Dataset entries:
-*-*-
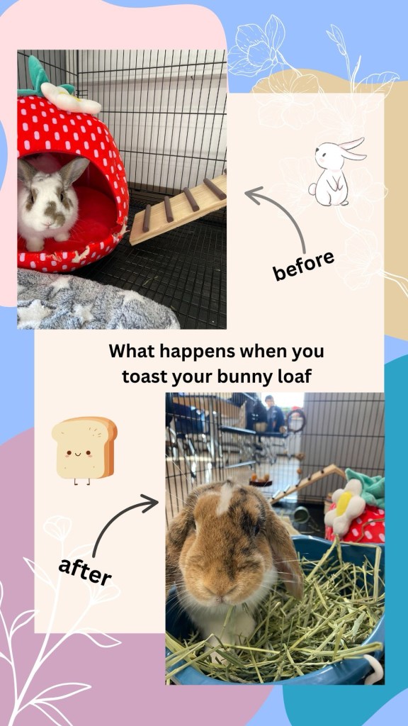 The plan was to have Scout stay with us for a few months, then Emily and Mees would pick her up when they returned after getting his visa. Unfortunately, the American immigration system is not known for being fast or efficient, and a couple months turned into a couple years. But fortunately for Baby Scout- who had acclimated easily to the sunshine, fresh veggies, and large yard for hopping- she would have more time in her new home with her grand-bun parents. She even accompanied me to class as an April Fools prank earlier this year, when I brought in a ‘toasted loaf.’ My students loved it, especially since we had started standardized testing that week. And Baby Scout loved the attention and extra treats.
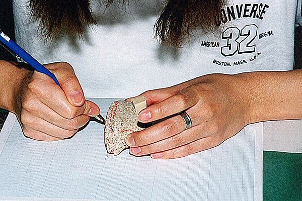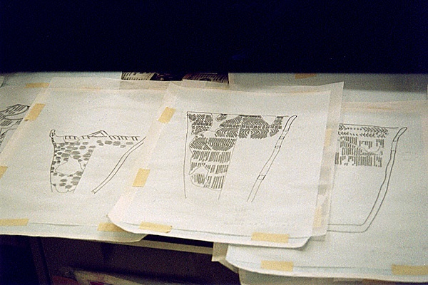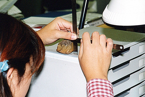 資料館の入口(出口?)に作業部屋があり、中の作業がガラス越しに見えるようになっている。トレースや張り合わせや、
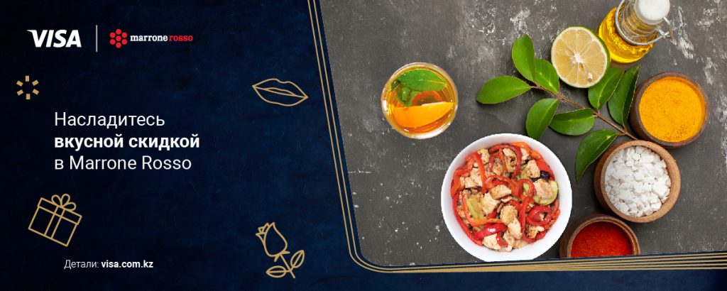 Оплачивайте счет картой Visa Platinum или Infinite в ресторанах Marrone Rosso и получите теплый салат со скидкой 30% либо чай «нарядный» на выбор.
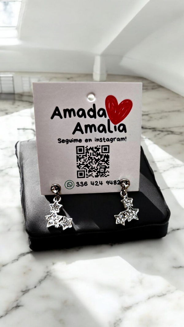 Aros de acero blanco pasantes, con zircon y estrellas colgantes.
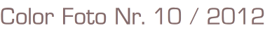 Titel: Color Foto Zeitschrift Nr. 10 / 2012Verlag: zeitschrift, 130 Seiten Format: 21 x 28 x 0,5 cmGewicht: 447 gZustand: sehr gutFotografie - Photographie
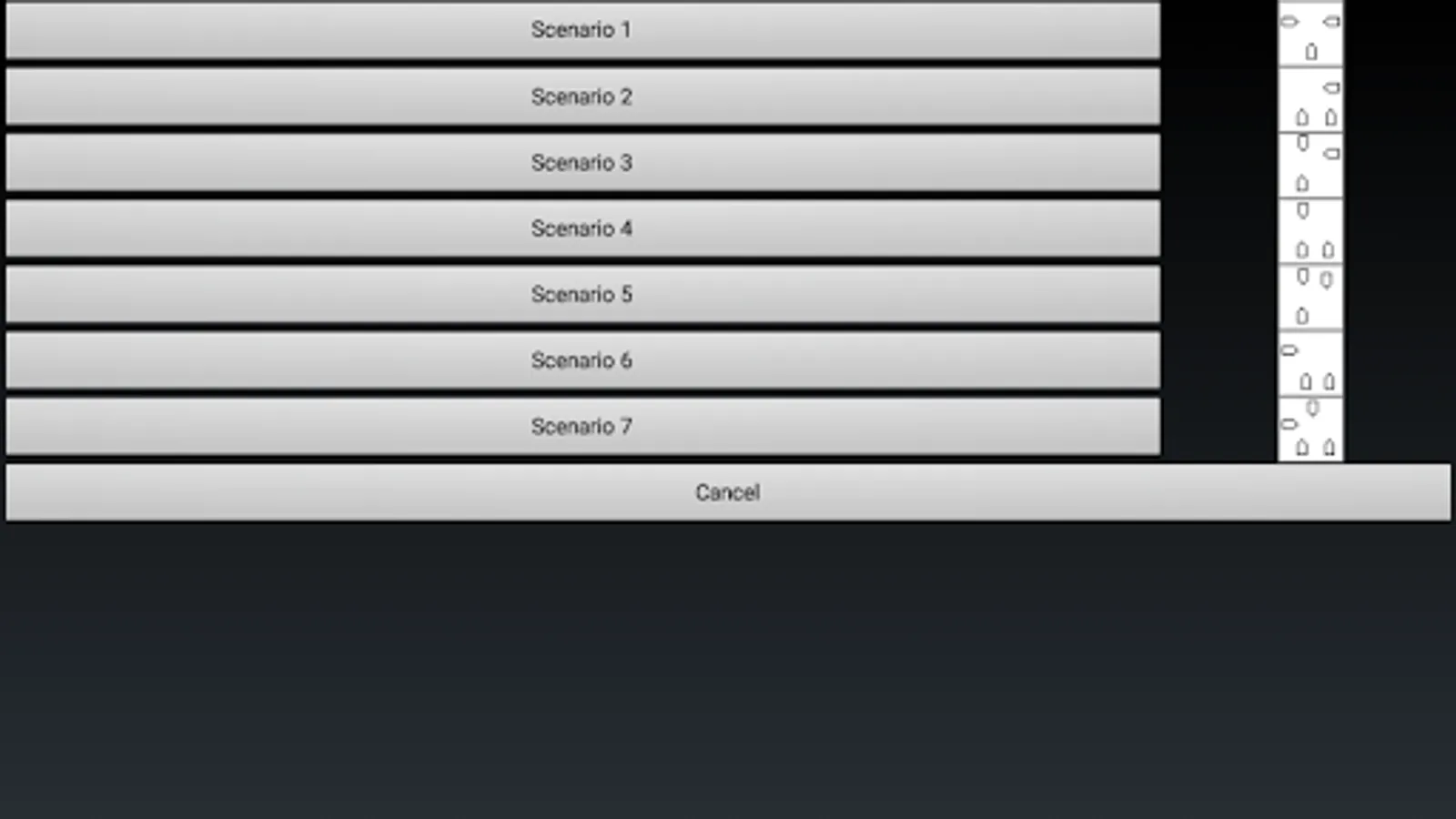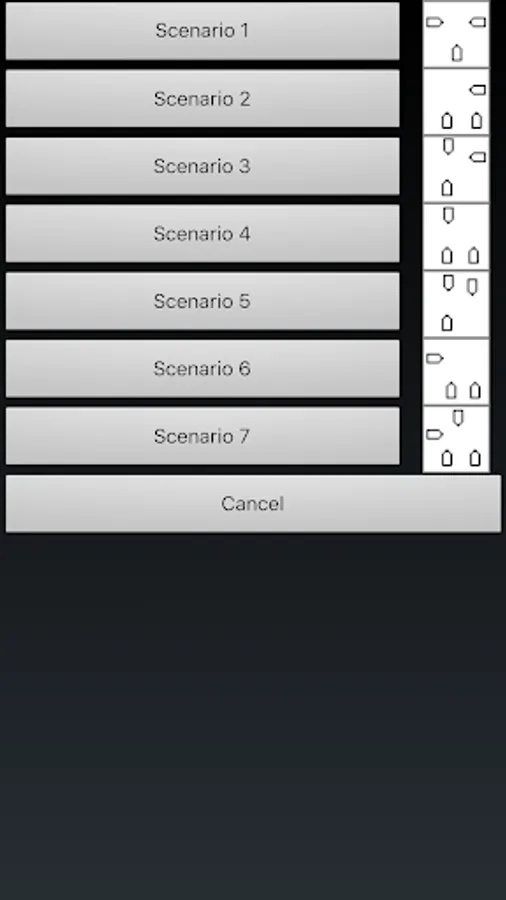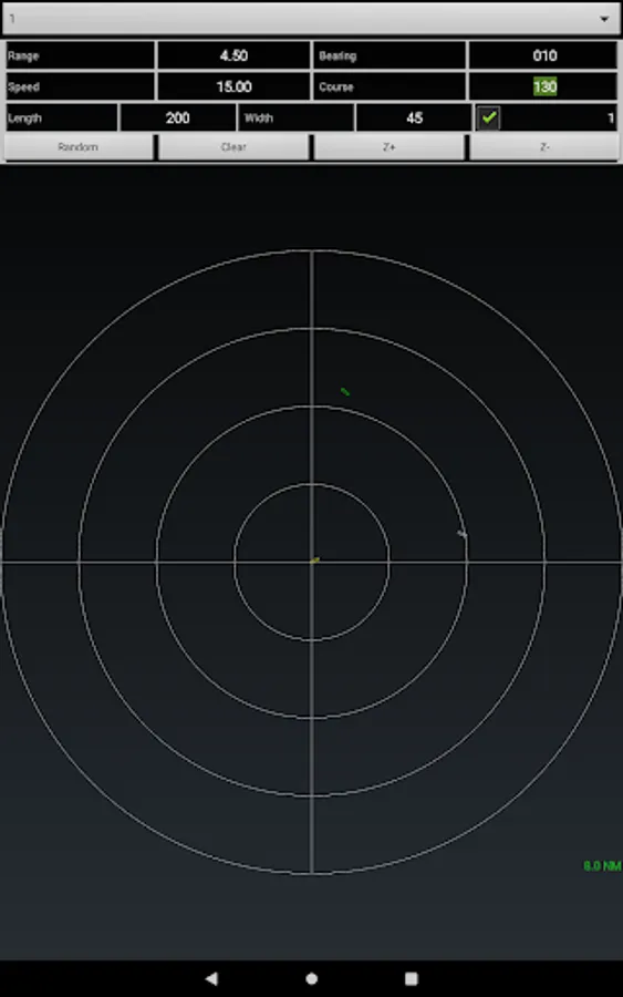 The app also contains an ARPA scenario chooser: there are 7 pre-defined scenarios to choose from. When you select one of these, the target ships are automatically setup, in scenarios that put your own ship in a close quarter situation. You then have to decide what to do to put your vessel back in a safe condition.
-*-*-
Leaving aside the images, write out the entries above word for word.

 The plan was to have Scout stay with us for a few months, then Emily and Mees would pick her up when they returned after getting his visa. Unfortunately, the American immigration system is not known for being fast or efficient, and a couple months turned into a couple years. But fortunately for Baby Scout- who had acclimated easily to the sunshine, fresh veggies, and large yard for hopping- she would have more time in her new home with her grand-bun parents. She even accompanied me to class as an April Fools prank earlier this year, when I brought in a ‘toasted loaf.’ My students loved it, especially since we had started standardized testing that week. And Baby Scout loved the attention and extra treats.
 資料館の入口(出口?)に作業部屋があり、中の作業がガラス越しに見えるようになっている。トレースや張り合わせや、
 Оплачивайте счет картой Visa Platinum или Infinite в ресторанах Marrone Rosso и получите теплый салат со скидкой 30% либо чай «нарядный» на выбор.
 Aros de acero blanco pasantes, con zircon y estrellas colgantes.
 Titel: Color Foto Zeitschrift Nr. 10 / 2012Verlag: zeitschrift, 130 Seiten Format: 21 x 28 x 0,5 cmGewicht: 447 gZustand: sehr gutFotografie - Photographie
 The app also contains an ARPA scenario chooser: there are 7 pre-defined scenarios to choose from. When you select one of these, the target ships are automatically setup, in scenarios that put your own ship in a close quarter situation. You then have to decide what to do to put your vessel back in a safe condition.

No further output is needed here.